Dass Ingmar sich bisher nicht gerührt hatte, war wohl in erster Linie den Kopfschmerzen zu verdanken, die ihn seit seinem Erwachen plagten und auf welche er auch die Laute des kleinen Drachen schob. Als plötzlich die Tür aufgestoßen wurde und zusätzliches Licht in den erst schummrigen Raum fiel, öffneten sich die Augen des Halbzwerges augenblicklich bis zum Anschlag, wohingegen sich die Pupillen verengten und schnell von kräftigen Zwergenpranken geschützt wurden.
Dabei ächzte er gequält. "Beim Harax! Kann man nicht von den verdammten Toten auferstehen, ohne dass man geblendet wird?!"
Die Stimme des Halbzwergs klang befremdlich in seinen Ohren, was ihn in diesem Augenblick allerdings wenig kümmerte. Dabei nahm er durchaus wahr, dass sich etwas hinter ihm verkrochen hatte, unternahm auch nichts, um das Wesen zu entblößen. Dennoch richtete Ingmar sich auf, sein Gesicht wirkte dabei mehr als ärgerlich. "Verdammt, Weib, mir wurde das Herz heraus gerissen, ehe ich in einem elysischen Wald gegen einen verfluchten Drachen um meine Wiedergeburt gekämpft habe, ist es da zu viel verlangt, nicht wie ein verdammter Pestkranker behandelt zu werden? Bei allem was spuckt und speit!" Der alte Ingmar wäre jetzt vermutlich richtig aus der Haut gefahren, doch jetzt wirkte er keinesfalls wie ein Berserker, eher wie ein Hufschmied, der sich auf den Finger gehauen hatte.

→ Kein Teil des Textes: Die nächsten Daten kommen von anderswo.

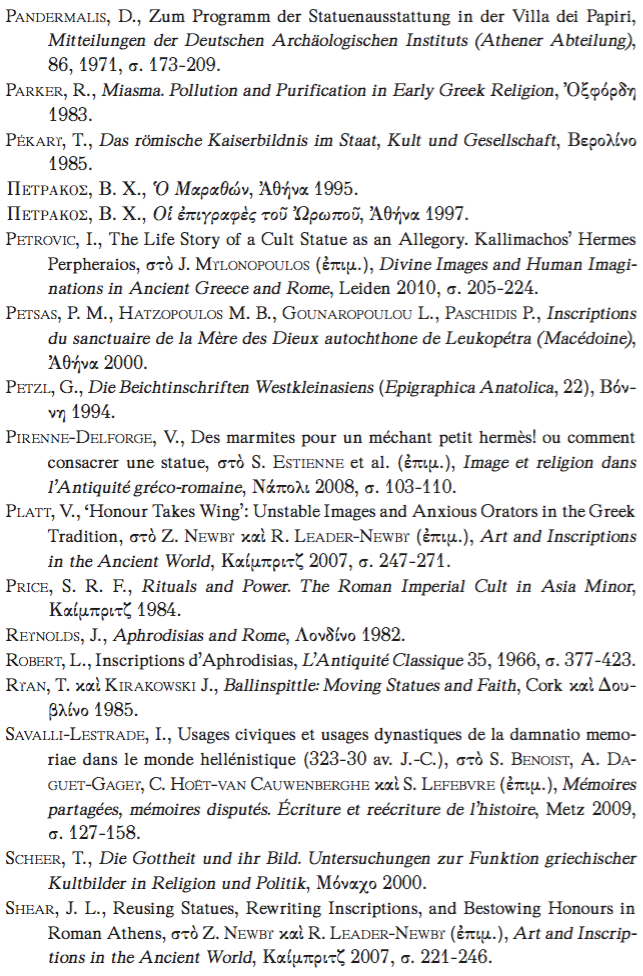 Κομμάτι τῆς ζωῆς ἑνὸς ἀνδριάντα ἦταν καὶ ἡ ἐπαναχρησιμοποίησή του γιὰ νὰ τιμήσει ἕνα ἐντελῶς διαφορετικὸ πρόσωπο [Αὐτὸ εἶναι τὸ ἀντικείμενο τοῦ Ροδιακοῦ λόγου τοῦ Δίωνος Χρυσοστόμου (31). Σχετικὰ βλ. Jones 1978, σ. 26-34· Platt 2007. Γενικὰ γιὰ τὸ φαινόμενο τῆς ἐπαναχρησιμοποίησης ἀγαλμάτων βλ. Blanck 1969]. Γιὰ παράδειγμα στὴν Κῶ τοῦ 1ου μ.Χ. αἰώνα μιὰ ἀνώνυμη ποιήτρια τιμήθηκε μὲ τὴν ἀνάθεση ἀνδριάντα ποὺ δὲν εἰκόνιζε τὴν ἴδια, ἀλλὰ τὴν κατὰ δύο καὶ πλέον αἰῶνες ἀρχαιότερη ποιήτρια Δελφίδα: ἁ εἰκὼν Δελφίδος τᾶς Πραξαγόρα Κώιας ἐλεγειογράφου ἔγραφε ἡ τιμητικὴ ἐπιγραφή [SEG LIV 787· IG XII.4.845. Κατ ̓ ἀνάλογο τρόπο ὁ ρήτορας Πολύβιος στὶς Σάρδεις ἔστησε πορτραῖτο τοῦ Κικέρωνα, συσχετίζοντας τὴ δική του ρητορικὴ δεινότητα μὲ ἐκείνη τοῦ Ῥωμαϊκῶν προκρίτου]. Προφανῶς μὲ τὸν τρόπο αὐτὸ οἱ ἰδιότητες τῆς διάσημης τοπικῆς ποιήτριας ἀποδόθηκαν στὴ νεώτερη ὁμότεχνό της. Ἕνα ἀνάλογο φαινόμενο συναντᾶμε στὴν Ἀθήνα τῶν ὕστερων ἑλληνιστικῶν καὶ ρωμαϊκῶν χρόνων, ὅταν γιὰ νὰ τιμηθοῦν ρωμαῖοι ἀξιωματοῦχοι χρησιμοποιοῦνταν συνειδητὰ βάσεις ἀγαλμάτων ποὺ εἶχαν φιλοτεχνηθεῖ ἀπὸ διάσημους γλύπτες ἢ ἀπεικόνιζαν φημισμένα πρόσωπα [Shear 2007· Keesling 2010]. Πίσω ἀπὸ αὐτὰ τὰ φαινόμενα βρίσκεται ἡ ἴδια νοοτροπία ποὺ ὁδηγοῦσε τοὺς δημιουργοὺς ἐπιτύμβιων μνημείων στὴ Μακεδονία τῶν αὐτοκρατορικῶν χρόνων νὰ μὴν τὰ κοσμοῦν μὲ ἀνάγλυφες παραστάσεις τῶν νεκρῶν ἀλλὰ μὲ παραστάσεις θεῶν, κυρίως τῆς Ἀφροδίτης [Π.χ. I.Beroia 214, 244, 284, 354, 508].

So saß er nun auf der Pritsche, mit dem Drachen hinter sich, die dünne Decke hatte sich unterdes selbst zurückgedrängt, weshalb der Halbzwerg nun unbedeckt dasaß, in keinster Weise daran interessiert, ob er Kleider am Leib trug, oder nicht. Stattdessen hielt er sich den Kopf. Die 'frische Luft' die die Elfe hinter sich her gezogen hatte vermochte nicht, etwas an der ohnehin schwer zu atmenden Atmosphäre zu ändern, wirkte sich aber auch nicht verschlimmernd aus. Ingmar hatte bereits in Sümpfen kampiert, in denen es schlimmer gestunken hatte als hier. Als sich die Augen des Halbzwergs von dem plötzlichen Lichteinbruch erholt zu haben schienen, sah dieser sein Gegenüber an, die Augen immer noch zu Schlitzen verengt. Sie musste die Priesterin, oder war es eine Hexe? Ingmar war sich jedenfalls fast sicher, dass dies die Elfe war, die Adler vor dem Tod des Halbzwerges erwähnt hatte, zumindest würde es ihn nicht überraschen, wenn seine Vermutung stimmte.
Auch wenn sie - seiner Meinung nach - absolut nicht wie eine Hexe aussah, sondern vielmehr mit der klassischen Attraktivität gesegnet war, die klischeehafterweise allen weiblichen Elfen anhaftete. Eine knappe und leicht abschätzige Musterung später, schielte der Neugeborene an der Hexe vorbei hinüber zu demjenigen, den er für seinen Feld-Freund Adler hielt und warf diesem ein skeptisches Nicken zu. Wie war er hier her gekommen? Wie lange hatte er hier herum gelegen und was noch viel wichtiger war: WO WAR ER HIER EIGENTLICH?!